There are common misconceptions that all of India is poor, it’s a dirty country, and it’s not safe. The reality is that it depends greatly on where you go. In the same way, the notion that women are suppressed isn’t unique to India; for instance, while abortion, a crucial issue in recent times, is illegal in many countries, it has been legal in India for decades. Depending on the region and social background of a family women have more autonomy compared to many other countries. The situation in India is often exaggerated in foreign media, so it’s important to get a local perspective for an accurate understanding of the culture.
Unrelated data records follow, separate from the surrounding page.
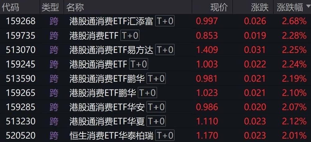 受盘面影响,港股消费相关ETF涨超2%。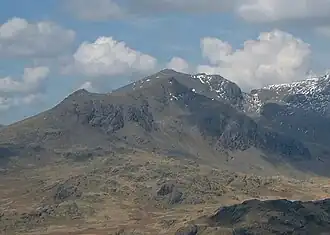 Slight Side is a fell in the English Lake District it stands 25 kilometres (16 miles) east southeast of the town of Whitehaven and reaches a height of 762 metres (2,499 ft). Slight Side lies at the south western edge of the Scafell Massif, a four-kilometre-long (2+1⁄2-mile) crescent of high ground which includes the highest ground in England. The fells names derives from the Old Norse language and means "The mountain shieling with the level pastures", it is a combination of the Norse words "sletta" and "saetr". With a shieling meaning a shepherds hut or a mountain pasture used in the summer.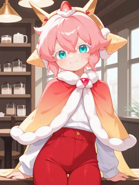털 장식이 있는 카프레, 금색 헤드기어, 딸기 모양 머리 장식, 빨간 바지, 흰 셔츠, 원뿔형 귀마개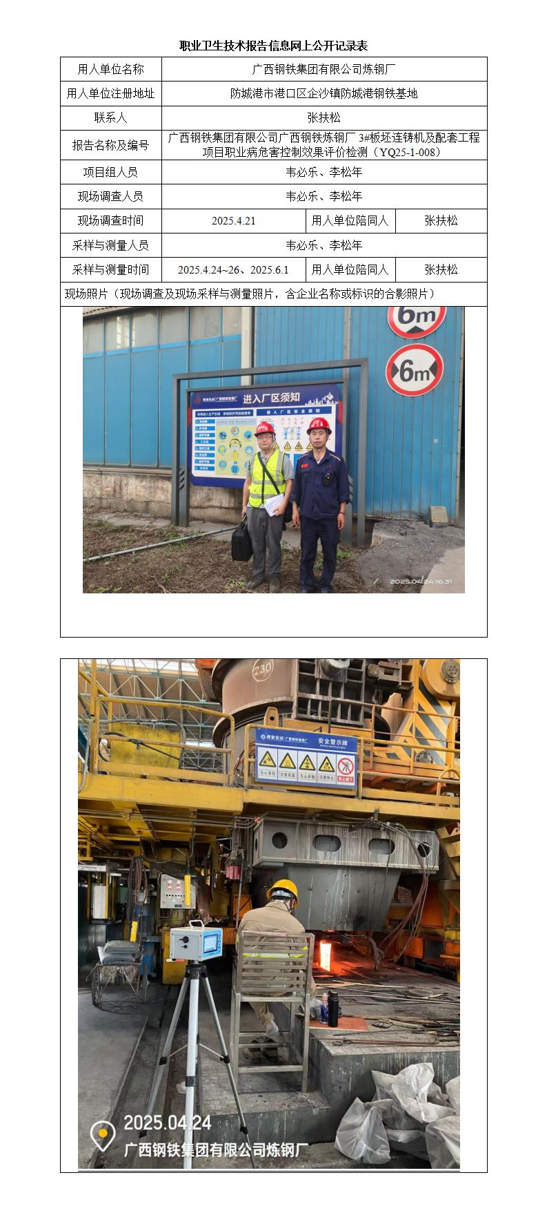 廣西鋼鐵集團(tuán)有限公司廣西鋼鐵煉鋼廠3#板坯連鑄機(jī)及配套工程項目職業(yè)病危害控制效果評價檢測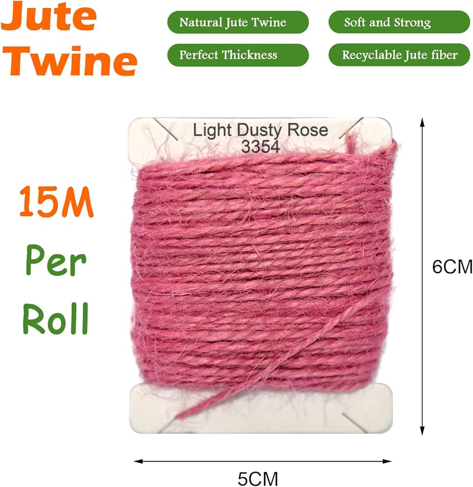خيوط الجوت بطول 15 مترًا للحرف اليدوية وتغليف الهدايا والتعبئة والبستنة والكروشيه والحياكة المكرامية (وردة مغبرة خفيفة)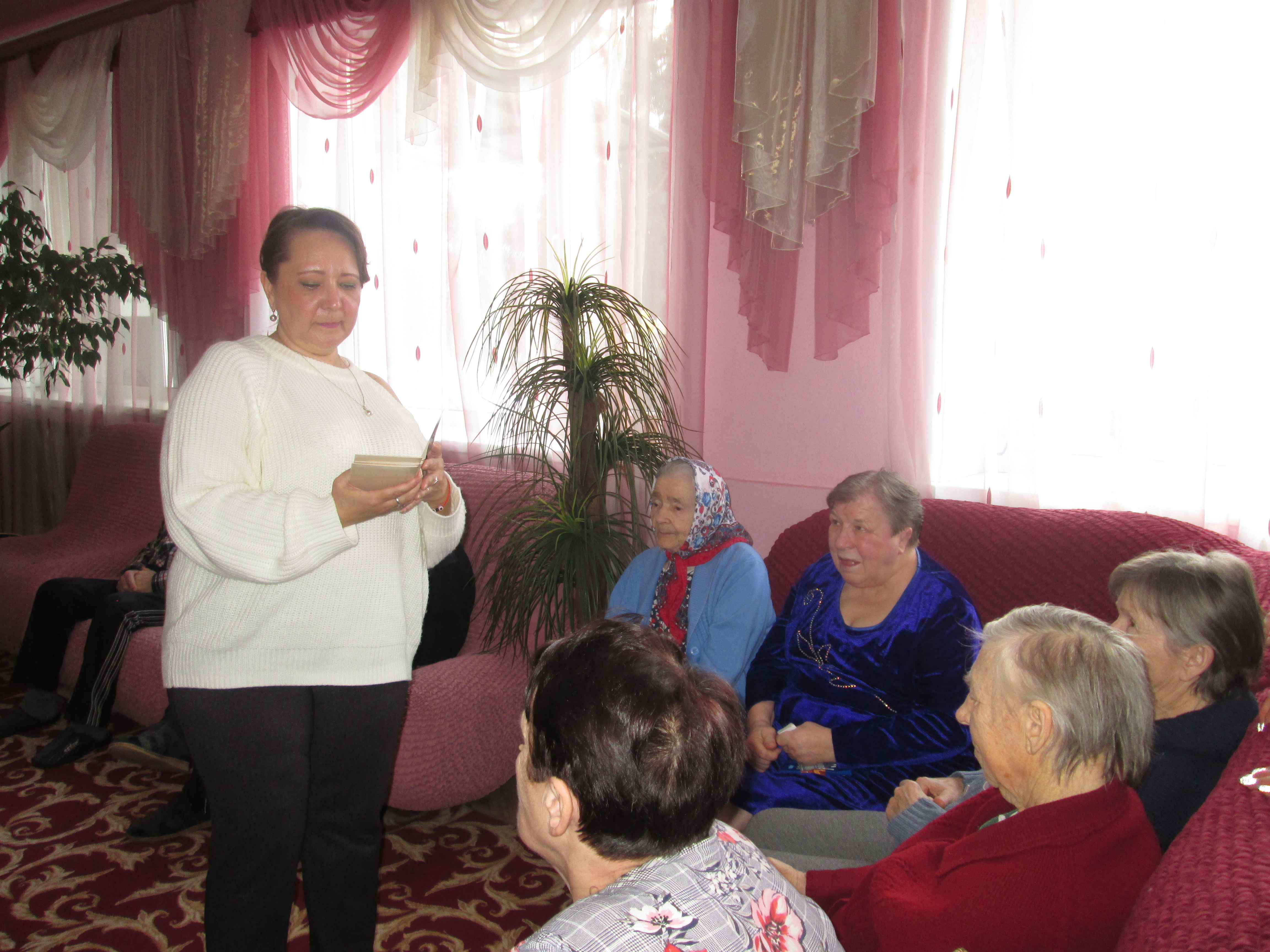 Теплые слова в адрес всех женщин, присутствующих на празднике, произнесла заведующая отделением Шамрина Людмила Николаевна. Проживающая Холманских Людмила Петровна подготовила для всех женщин красивое стихотворение и прочла его.

When it comes to the use of the left hand, I have often come across advice on various blogs emphasizing that certain actions such as shaking hands, should not be performed with the left hand as it’s unclean. Although the reason of left hand not being clean isn’t mentioned on these sites, but the inferred meaning is quite offensive to the Indians. Out of curiosity, a lot of my clients had ended up asking about this and created a disaster. In reality, I have rarely come across anyone in India who is fixated on this stereotype, mentions it, or gets offended by it. Traditionally, parents might have encouraged children to use their right hand for specific tasks, but it is not connected to the idea of the left hand being unclean. Bringing up the topic of using the left hand or showing undue caution around it might unknowingly cause offense to people in India. For instance, if you are left-handed and try to do everything with your right hand, it could prompt a conversation about why you’re doing so, which might lead to an awkward or uncomfortable discussion.
The perception that cows are sacred in India is primarily true for Hindus. While it may seem humorous to some cultures that cows are worshipped, this practice is part of rituals performed at specific times. Just as many people in other cultures are strongly opposed to eating cats, dogs and even whales and have various ways of showing love to these animals, Indians don’t eat cows and have their own unique ways of showing respect to them.
There’s another misconception that you need to eat with your hands since Indian food often doesn’t require utensils. While some may find this idea amusing, the reality is that they do use utensils and certainly don’t expect their guests to eat with their hands. In some authentic, traditional places in the south, you might find a banana leaf replacing a plate as it enhances the flavor, offers health benefits, and is environmentally friendly. But if you ask for utensils, you will get them. Here’s how your meal would look like without the use of modern utensils except for the plastic spoon we had to ask for.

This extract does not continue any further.